Currently, the New Squad participates with some 1,300 Locos. It is made up of 11 groups. In 2019 they were joined by a group of people who had prepared to participate with an allegorical car focusing on cancer prevention. This was supposed to be a tribute to the Vázquez Ramírez family, who had experienced the death of two of their members: Lucy and Ale. They carried tarps and blankets with messages like «be in touch with yourself so that it [the cancer] doesn’t touch you.»
Each squad, made up of Locos in costume, was accompanied by a group that provided them with drinks, brought them sweets to distribute, and made sure that no one without a badge was admitted. They were also in charge of making sure that the children—in their eagerness for sweets—did not come too close to the wheels of the truck. The order of appearance of each allegorical car has always been a delicate issue. At first it was left to chance, and lots were drawn, but today it is done in a more democratic and fair way by majority vote.

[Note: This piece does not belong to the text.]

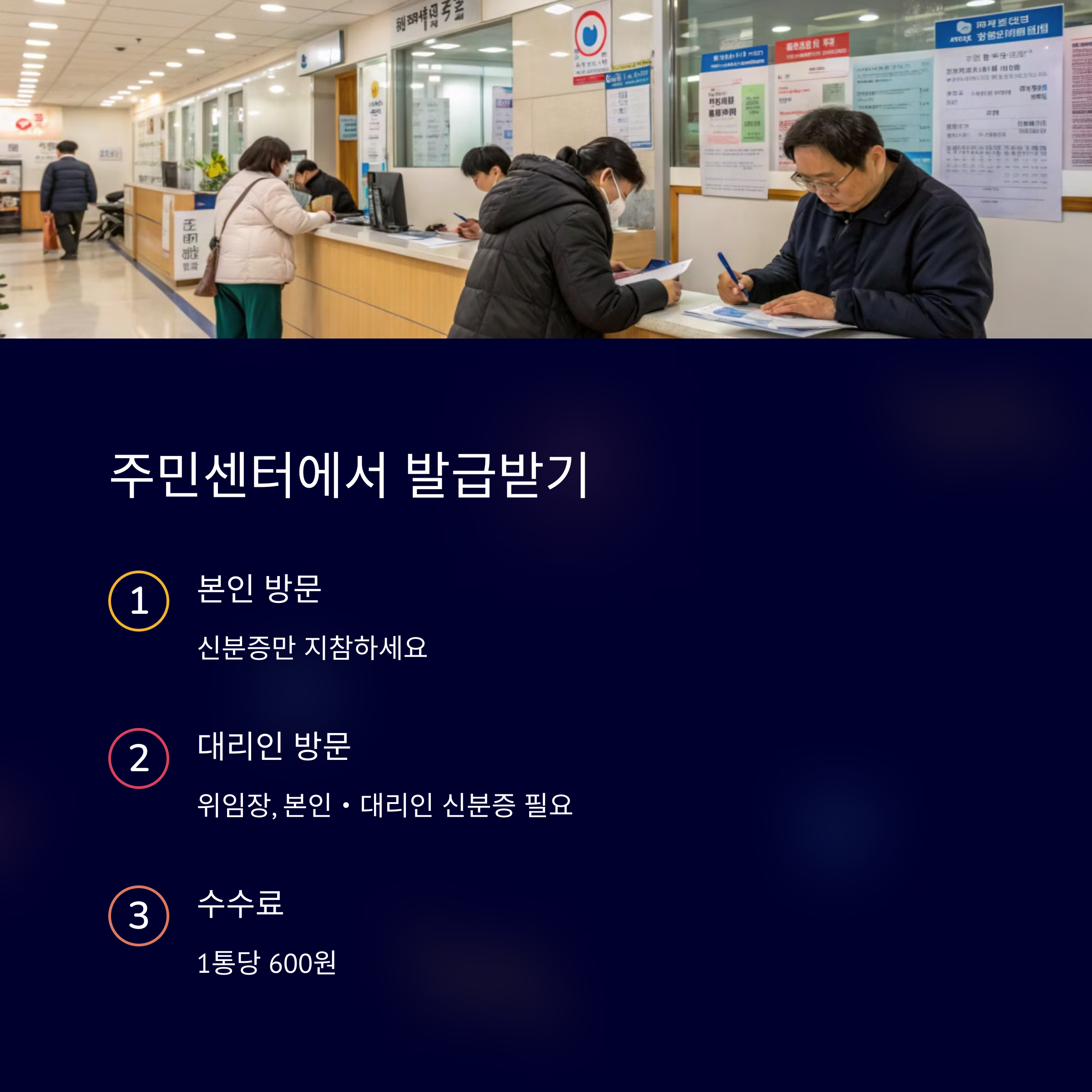 | 3. 수수료 납부 | 발급 수수료 (보통 600원~1,000원) |

The image of San Pascual was created by Don Genaro Almanza, and that sculpture still presides over the meetings and public appearances. The meetings were held in the carpentry shop of Don Primitivo Luna, the «Chipotas» who they later called «Atorón.» Since 1961, the New Squad has received many invitations to different festivities in many cities, and they bring joy with their dancing wherever they go. In the city of Guanajuato, they are an important part of the secular celebrations in the neighborhoods of Carrizo and Terremoto. In Silao, they show up on the feast of the Virgin of Guadalupe. In Dolores Hidalgo, they are there during the May festivities. They also attend various neighborhood and community events.